Categorical data is data that is typically formatted in a string format in the dataset. Things like names, places, Countries, etc… In order for the machine learning model to be able to properly use this information it first needs to be encoded into a numerical form.

The methodology behind this is simple. Let’s say we have a column of countries with three countries: Canada, USA, and Mexico. In order to properly encode this we can first split the entire column into three seperate columns each for a different country.
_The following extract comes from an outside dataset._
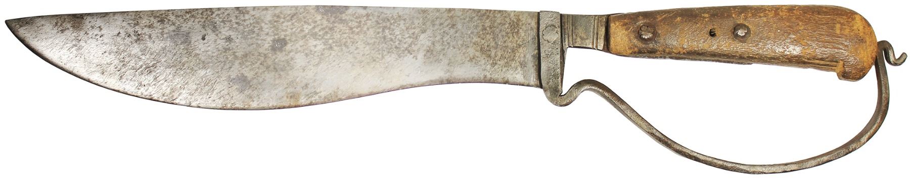 Spanish colonial side knife with "D" guard, late 1700s. 324 grams, 15" overall length, 9" blade length. Hand-forged knife (with forge marks clearly visible) typical of the Spanish frontier (found in Mexico) in a simple design with D-guard secured to blade by forged rivet, decoration on end, simple wood grips with file decoration on tang, the metal bright with some age toning, very few pitted areas, still very sharp. Pedigreed to our Auction #18, with original lot-tag #1219, and pedigreed to the Stuart Auerbach collection (see lot 4).

We the simply insert ‘0’ when the country isn’t in that column and ‘1’ when it is.

Example:

Original | Countries | |-----------| | Canada | | USA | | Canada | | Spain | | USA | | Spain | | USA | | USA | | Spain |

Applying the Label Encoder |Countries| |--| |0 | |1 | |0 | |2 | |1 | |2 | |1 | |1 | |2 |

Applying the OneHotEncoder | Canada | USA | Spain | |--------|-----|-------| | 1 | 0 | 0 | | 0 | 1 | 0 | | 1 | 0 | 0 | | 0 | 0 | 1 | | 0 | 1 | 0 | | 0 | 0 | 1 | | 0 | 1 | 0 | | 0 | 1 | 0 | | 0 | 0 | 1 |

These three are called Dummy Variables

So, to actually encode data in python we need to use the preprocessing library from scikit learn and import the LabelEncode method and OneHotEncoder method.

from sklearn.preprocessing import LabelEncoder, OneHotEncoder

Then we’ll need to handle the independent and dependent variables seperately.

Let’s create an LabelEncoder Object for our column:

labelencoder_X = LabelEncoder()

Now use fit this object to our independent column to return an array of encoded data. This array will only represent just this one column. So in the example of countries, Canada becomes 0, USA become 1, Spain becomes 2. We then set this endoded data to the column in the dataset.

X[:, 0] = labelencoder_X.fit_transform(X[:, 0])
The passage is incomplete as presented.